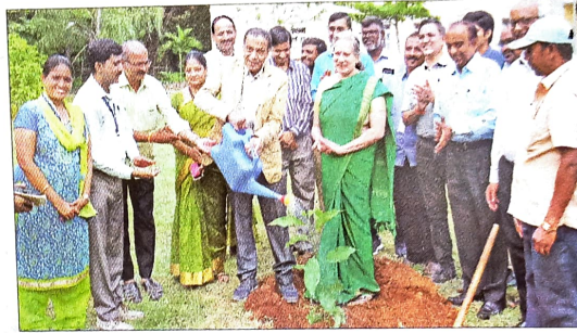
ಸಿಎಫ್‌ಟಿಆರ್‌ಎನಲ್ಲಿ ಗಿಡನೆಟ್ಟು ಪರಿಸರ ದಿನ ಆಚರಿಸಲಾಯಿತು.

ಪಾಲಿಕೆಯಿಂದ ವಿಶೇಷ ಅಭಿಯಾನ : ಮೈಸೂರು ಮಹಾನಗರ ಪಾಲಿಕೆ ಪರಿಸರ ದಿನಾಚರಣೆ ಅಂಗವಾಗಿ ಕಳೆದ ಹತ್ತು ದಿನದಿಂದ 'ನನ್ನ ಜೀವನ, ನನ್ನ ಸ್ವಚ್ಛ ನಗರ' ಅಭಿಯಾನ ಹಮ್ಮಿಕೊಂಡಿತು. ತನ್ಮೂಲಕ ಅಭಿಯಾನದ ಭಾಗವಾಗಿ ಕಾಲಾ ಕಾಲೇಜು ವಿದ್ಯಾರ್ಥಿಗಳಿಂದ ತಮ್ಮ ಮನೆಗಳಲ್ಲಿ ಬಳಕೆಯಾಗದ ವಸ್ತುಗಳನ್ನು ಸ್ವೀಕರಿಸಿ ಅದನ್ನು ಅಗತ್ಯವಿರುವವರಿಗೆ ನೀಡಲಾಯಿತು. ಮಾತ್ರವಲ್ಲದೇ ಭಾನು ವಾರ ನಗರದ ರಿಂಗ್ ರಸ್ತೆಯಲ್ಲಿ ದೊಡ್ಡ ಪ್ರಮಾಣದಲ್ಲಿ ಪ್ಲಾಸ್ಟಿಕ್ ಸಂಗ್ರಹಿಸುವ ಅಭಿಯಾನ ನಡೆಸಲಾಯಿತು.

* * *

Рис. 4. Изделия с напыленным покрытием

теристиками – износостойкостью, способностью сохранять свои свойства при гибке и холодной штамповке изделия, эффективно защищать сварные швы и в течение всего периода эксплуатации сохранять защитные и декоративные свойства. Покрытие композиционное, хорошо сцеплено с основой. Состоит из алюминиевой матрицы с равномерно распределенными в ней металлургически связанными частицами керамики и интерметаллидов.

* * *

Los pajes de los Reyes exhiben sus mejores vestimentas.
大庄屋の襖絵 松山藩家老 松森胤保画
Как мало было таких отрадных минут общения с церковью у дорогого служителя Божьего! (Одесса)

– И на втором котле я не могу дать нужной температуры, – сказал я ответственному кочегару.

#### WHAT THE TASK REQUIRES
Word for word, restate the lines of the data above that fall between the line holding "ಸಿಎಫ್‌ಟಿಆರ್‌ಎನಲ್ಲಿ ಗಿಡನೆಟ್ಟು ಪರಿಸರ" and the line holding "ಪಾಲಿಕೆಯಿಂದ ವಿಶೇಷ ಅಭಿಯಾನ", inclusive, and no other lines.

#### WORKED SOLUTION
ಸಿಎಫ್‌ಟಿಆರ್‌ಎನಲ್ಲಿ ಗಿಡನೆಟ್ಟು ಪರಿಸರ ದಿನ ಆಚರಿಸಲಾಯಿತು.

ಪಾಲಿಕೆಯಿಂದ ವಿಶೇಷ ಅಭಿಯಾನ : ಮೈಸೂರು ಮಹಾನಗರ ಪಾಲಿಕೆ ಪರಿಸರ ದಿನಾಚರಣೆ ಅಂಗವಾಗಿ ಕಳೆದ ಹತ್ತು ದಿನದಿಂದ 'ನನ್ನ ಜೀವನ, ನನ್ನ ಸ್ವಚ್ಛ ನಗರ' ಅಭಿಯಾನ ಹಮ್ಮಿಕೊಂಡಿತು. ತನ್ಮೂಲಕ ಅಭಿಯಾನದ ಭಾಗವಾಗಿ ಕಾಲಾ ಕಾಲೇಜು ವಿದ್ಯಾರ್ಥಿಗಳಿಂದ ತಮ್ಮ ಮನೆಗಳಲ್ಲಿ ಬಳಕೆಯಾಗದ ವಸ್ತುಗಳನ್ನು ಸ್ವೀಕರಿಸಿ ಅದನ್ನು ಅಗತ್ಯವಿರುವವರಿಗೆ ನೀಡಲಾಯಿತು. ಮಾತ್ರವಲ್ಲದೇ ಭಾನು ವಾರ ನಗರದ ರಿಂಗ್ ರಸ್ತೆಯಲ್ಲಿ ದೊಡ್ಡ ಪ್ರಮಾಣದಲ್ಲಿ ಪ್ಲಾಸ್ಟಿಕ್ ಸಂಗ್ರಹಿಸುವ ಅಭಿಯಾನ ನಡೆಸಲಾಯಿತು.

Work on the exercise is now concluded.